Marzullo P, Parodi O, Sambuceti G, Giorgetti A, Picano E, Gimelli A, Salvadori P, L'Abbate A
CNR Institute of Clinical Physiology, Pisa, Italy.
J Am Coll Cardiol. 1995 Aug;26(2):342-50. doi: 10.1016/0735-1097(95)80005-2.
The aim of this study was to determine whether the presence of residual coronary reserve can in itself identify viable segments.
Experimental data suggest that despite hypoperfusion at rest, viable myocardium may exhibit persistence of coronary reserve. Preliminary observations in patients show that in basally dyssynergic areas, a residual vasodilator capability is present despite hypoperfusion at rest and that a flow-mediated increase in regional wall motion identifies residual viability.
Fourteen patients with evidence of previous myocardial infarction, infarct-related single-vessel coronary artery disease and impaired regional ventricular function at rest underwent positron emission viability imaging by fluorine-18 deoxyglucose. In addition, blood flow at rest and vasodilator capability were regionally evaluated in all patients by means of nitrogen-13 ammonia.
Of a total of 252 segments, 133 were dyssynergic at rest. Of these 133 segments, 60 (group 1) showed normal metabolic activity and only mild reduction in myocardial blood flow. The other 73 segments showed a marked reduction in flow; of these, 25 (group 2, viable) had persistent metabolic activity, whereas 48 (group 3, necrotic) did not. Despite similar levels of hypoperfusion at rest, group 2 segments showed a preserved coronary reserve that was virtually absent in necrotic segments (2.6 +/- 1.3 vs. 1.3 +/- 0.5, p < 0.01). This value was similar to that observed in viable group 1 segments (2.5 +/- 1.6, p = NS).
In addition to characterizing myocardium at risk, imaging of coronary flow at baseline and after dipyridamole by positron emission tomography provides helpful information on myocardial viability that may integrate the "static" viability information obtained with the baseline flow/metabolic approach.
本研究旨在确定残余冠脉储备的存在本身是否能够识别存活心肌节段。
实验数据表明,尽管静息时存在灌注不足,但存活心肌可能仍具有冠脉储备。对患者的初步观察显示,在基础运动不协调区域,尽管静息时存在灌注不足,但仍存在残余血管舒张能力,且血流介导的局部室壁运动增加可识别残余存活心肌。

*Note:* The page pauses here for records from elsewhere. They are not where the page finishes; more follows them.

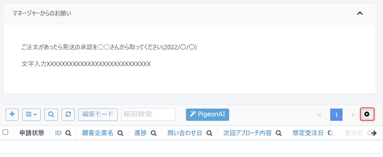 歯車のアイコンをクリックし、「テーブル設定」を選択し、テーブルの設定画面を開きます。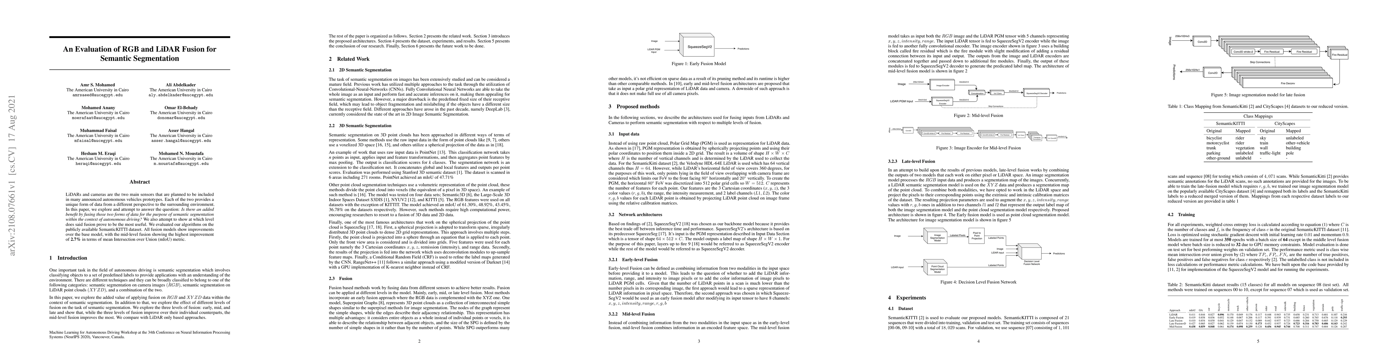 LiDARs and cameras are the two main sensors that are planned to be included in many announced autonomous vehicles prototypes. Each of the two provides a unique form of data from a different perspective to the surrounding environment. In this paper, we explore and attempt to answer the question: is there an added benefit by fusing those two forms of data for the purpose of semantic segmentation within the context of autonomous driving? We also attempt to show at which level does said fusion prove to be the most useful. We evaluated our algorithms on the publicly available SemanticKITTI dataset. All fusion models show improvements over the base model, with the mid-level fusion showing the highest improvement of 2.7% in terms of mean Intersection over Union (mIoU) metric.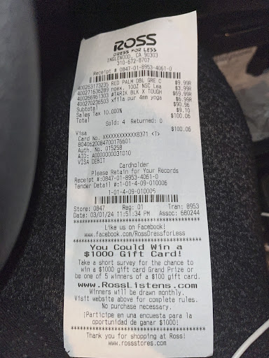 Read moreI went there and bought a bunch of things that added up to $362 I gave $250 on one card and was going to put the rest on another card.. during the process I forgot something on my cart that needed to be charged so I handed her the rest of the things.. I proceeded to then pay the $250 on one card for the cashier to then cancel my order and says I need fo pay the balance of $362 again. How do these people know that I Had sufficient money on me? Why don’t they ask before canceling an order ? $362 is a significant amount of money at least for me it is. That’s 250 + 362.. now I’m down 250 till my bank settles the refund. I called my bank and they said the money would be there in 13 days. So the problem is not on Ross the company, but on the employees they hire. they should get better training. Bc canceling an order with a big significant amount should be asked before canceling. What a shame. Ross is great. The customer...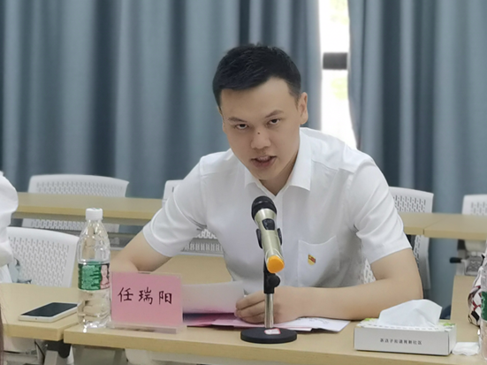 随后,公司研二员工任瑞阳代表此次公司挂职实习的5位同学发言,他谈到:自己一直致力于基层党建引领治理创新,如今能深入基层、扎根社区,希望能将自己在公司里学习到的基层治理知识融入到实践中去。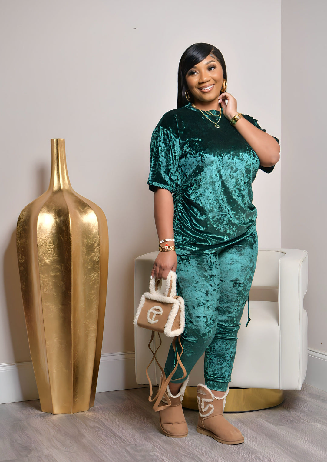 Cozy-chic crushed velvet defines this perfect two-piece set. The oversized short sleeve tunic top features drawstring sides that can be worn as a dress, while the high-waisted jogger style pants with elastic waist and pockets give the perfect fit. Don't miss out on the on-trend look that Kleaux sports--in a small size!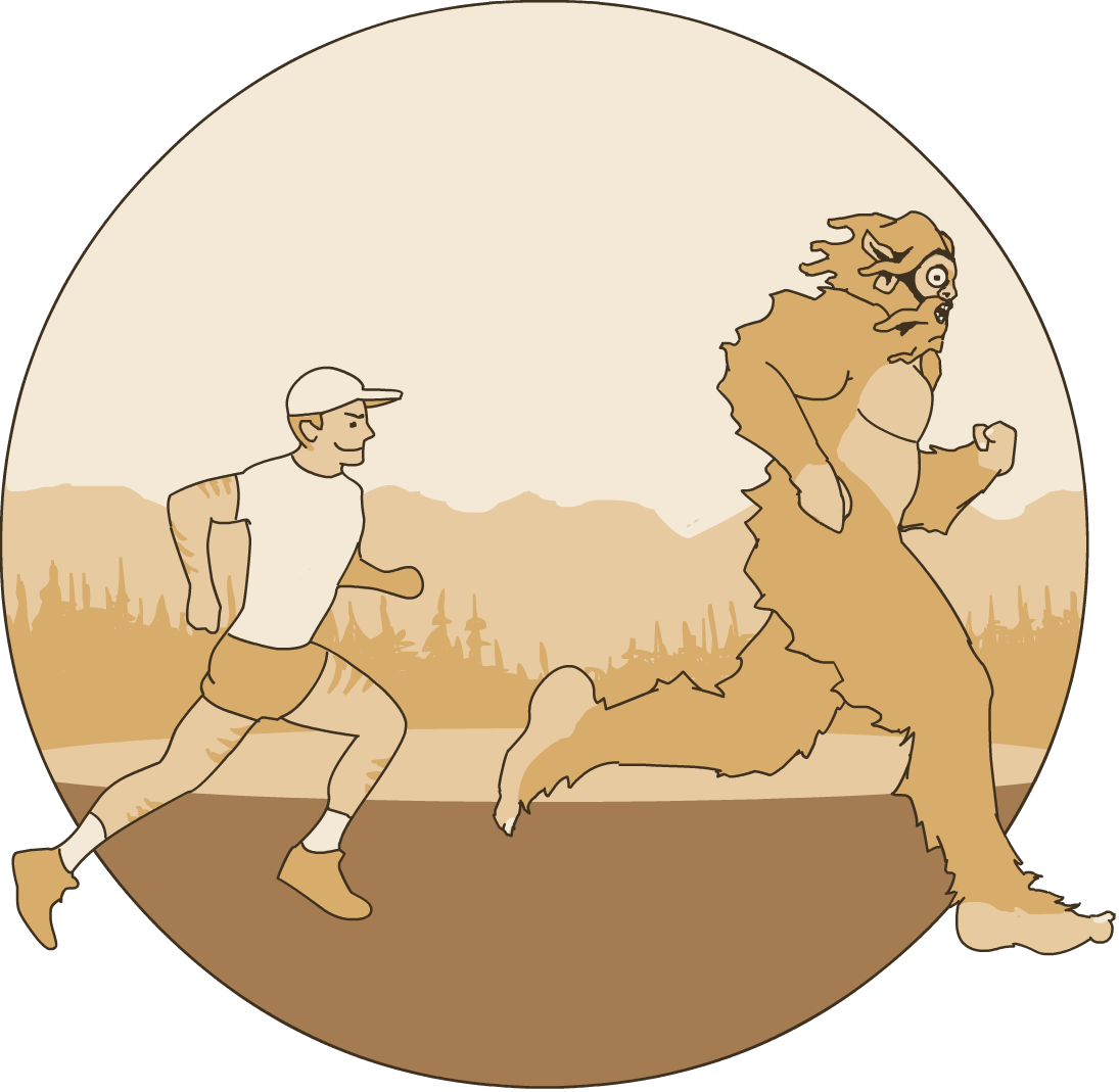 For weeks as I ran this route solo I had the feeling I was being watched, and a couple of times I heard footsteps and deep breathing behind me, but in the few seconds it would take me to stop, and turn to look back, whoever was following me would disappear into the thick underbrush. I gained my pursuer's trust one day by offering him bites of Cliff energy bars I had stashed in my Camel Pack, luring him into the open. Amazingly, it turned out to be a Sasquatch. He was able to communicate with simple grunts and rudimentary sign language. I gave him a Power Bar gel, but he didn't seem to like the taste. After taking a few sips he made a face, and tossed it to the ground, stomping on it with his big foot.

14例有陈旧性心肌梗死证据、梗死相关单支冠状动脉疾病且静息时局部心室功能受损的患者接受了氟-18脱氧葡萄糖正电子发射存活心肌显像。此外,所有患者均通过氮-13氨对静息血流和血管舒张能力进行了局部评估。
在总共252个节段中,133个在静息时运动不协调。在这133个节段中,60个(第1组)显示代谢活性正常,心肌血流仅轻度减少。另外73个节段血流明显减少;其中25个(第2组,存活)具有持续代谢活性,而48个(第3组,坏死)没有。尽管静息时灌注不足程度相似,但第2组节段显示冠脉储备得以保留,而坏死节段几乎没有冠脉储备(2.6±1.3对1.3±0.5,p<0.01)。该值与存活的第1组节段观察到的值相似(2.5±1.6,p=无显著性差异)。
除了对危险心肌进行特征描述外,通过正电子发射断层扫描对静息和双嘧达莫激发后的冠脉血流进行显像,可为心肌存活提供有用信息,这可能会整合通过基线血流/代谢方法获得的“静态”存活信息。